> ASSIGNMENT:
Beginning with the top line of the listing below, give again every line up to and including the line with "源于政策紅利的引導輔以私人消"; pictures do not belong in the copy.

> EXTRACTED MATERIAL:
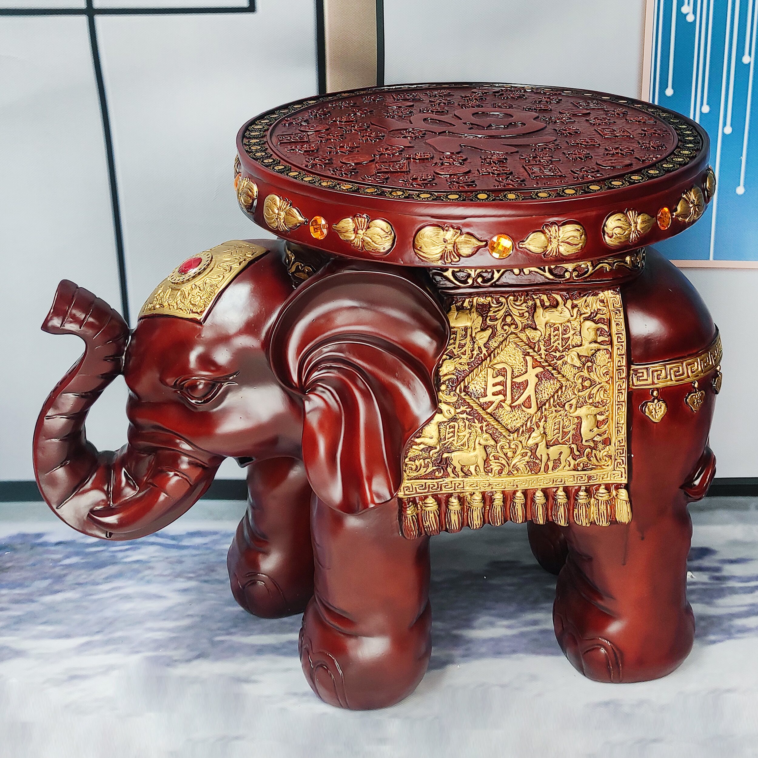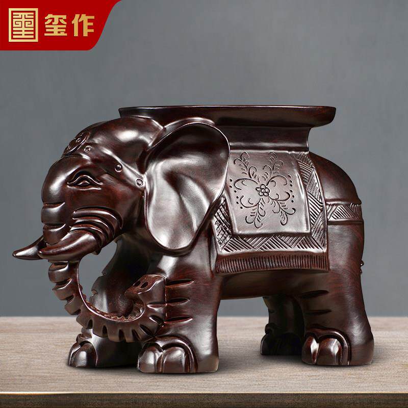 欧式大象换鞋凳红木色门口凳子中式客厅花盆置物架家居装饰品摆件
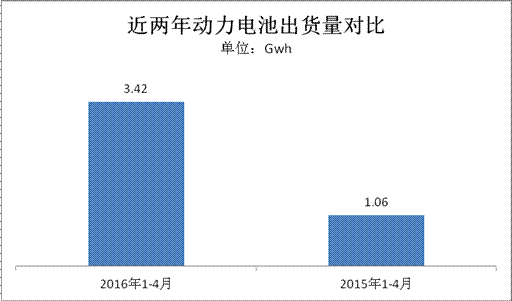 源于政策紅利的引導輔以私人消費信心的培育以及充電基礎設施等多方面的發展,新能源汽車市場也逐步走向穩增長。據中汽協數據統計,2016年1-4月新能源汽車產量94442輛,比上年同期增長126.8%。而作為核心零部件的動力電池也跟隨新能源汽車整體市場走向,呈現高增長趨勢。據第一電動研究院數據梳理,2016年1-4月動力電池出貨量達3.42Gwh,較之去年同期1.06wh的出貨量實現同比增長2.38倍。(注釋:以下動力電池數據源于新能源汽車產量與其搭載的電池容量乘積。由于未考慮其他影響因素,總體實際產能會略高于此。電池出貨量計算公式:車型搭載電池容量*車型產量。
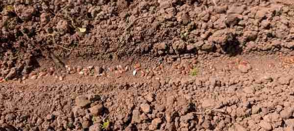 Die Samen habe ich gleichmäßig in die vorbereiteten Reihen ausgestreut. Dabei achte ich darauf, nicht zu dicht zu säen, damit die Pflanzen später genügend Platz haben, sich zu entwickeln.
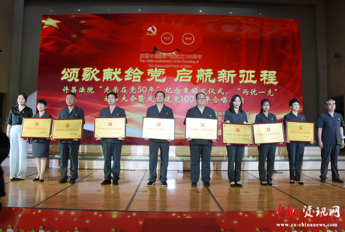 許昌中院舉行“光榮在黨50年”紀(jì)念章頒發(fā)儀式、“兩優(yōu)一先”表彰大會(huì)暨合唱展演
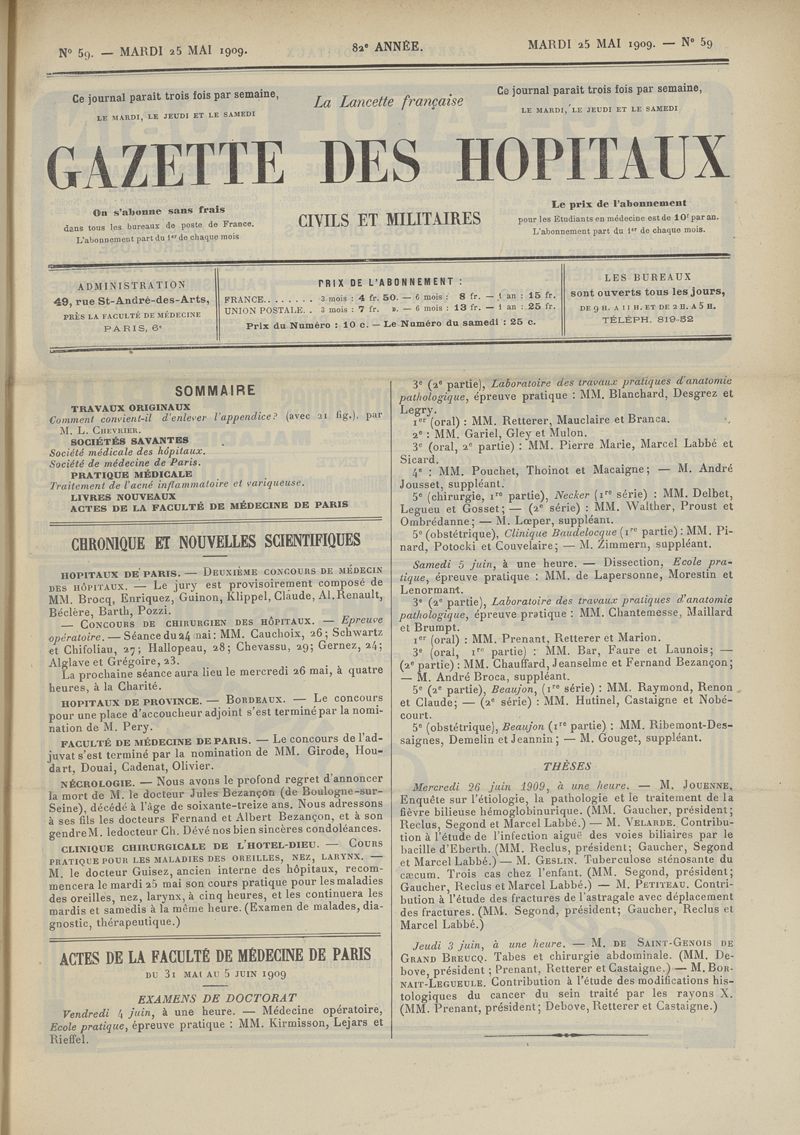 1909, tome 82e année. -
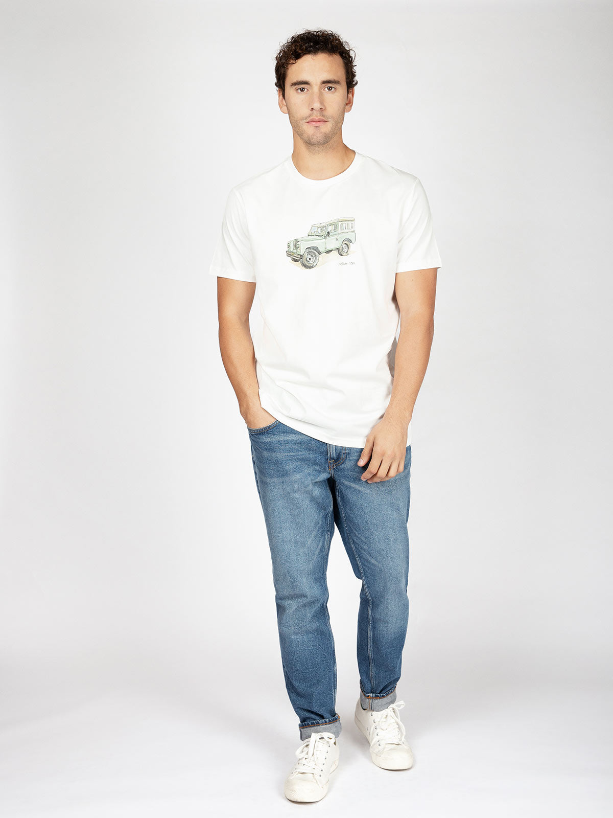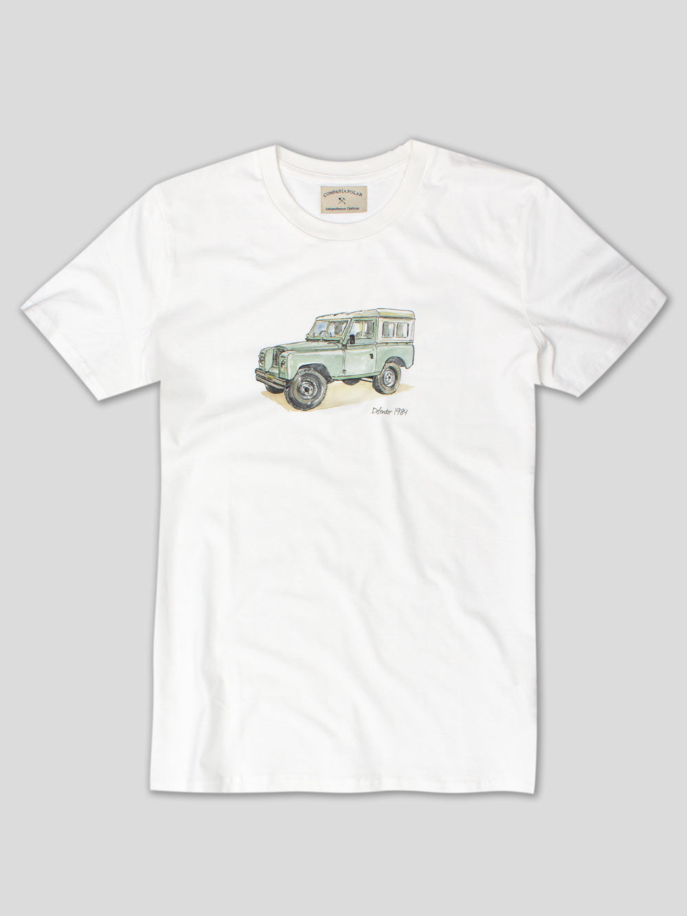 Camiseta ilustrada con el mítico Land Rover Defender en estilo de acuarela. Esta prenda está elaborada en talleres Fair Trade con un suave y resistente algodón orgánico.
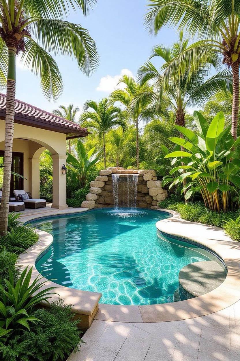Bring the feel of a tropical paradise home with a lagoon-inspired pool. Rounded edges, natural stone, and lush greenery around the water give you a vacation-like escape every day. Add a waterfall feature to elevate the ambiance.
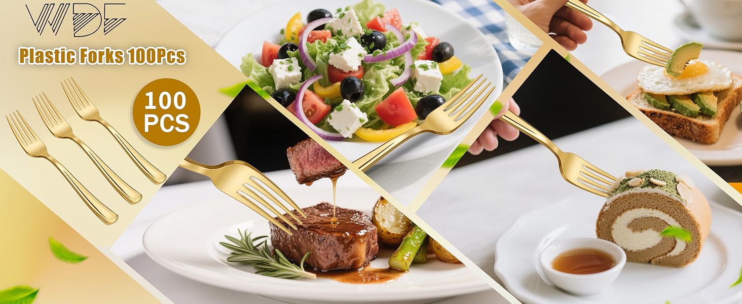 BRIGHT COLOR: WDF gold plastic forks will make people feel good with its exciting look. These gold forks disposable are coloured using a special technique that are not only bright but also does not fade. Pairing these gold plastic silverware with your carefully prepared food

> ANSWER:
 欧式大象换鞋凳红木色门口凳子中式客厅花盆置物架家居装饰品摆件
 源于政策紅利的引導輔以私人消費信心的培育以及充電基礎設施等多方面的發展,新能源汽車市場也逐步走向穩增長。據中汽協數據統計,2016年1-4月新能源汽車產量94442輛,比上年同期增長126.8%。而作為核心零部件的動力電池也跟隨新能源汽車整體市場走向,呈現高增長趨勢。據第一電動研究院數據梳理,2016年1-4月動力電池出貨量達3.42Gwh,較之去年同期1.06wh的出貨量實現同比增長2.38倍。(注釋:以下動力電池數據源于新能源汽車產量與其搭載的電池容量乘積。由于未考慮其他影響因素,總體實際產能會略高于此。電池出貨量計算公式:車型搭載電池容量*車型產量。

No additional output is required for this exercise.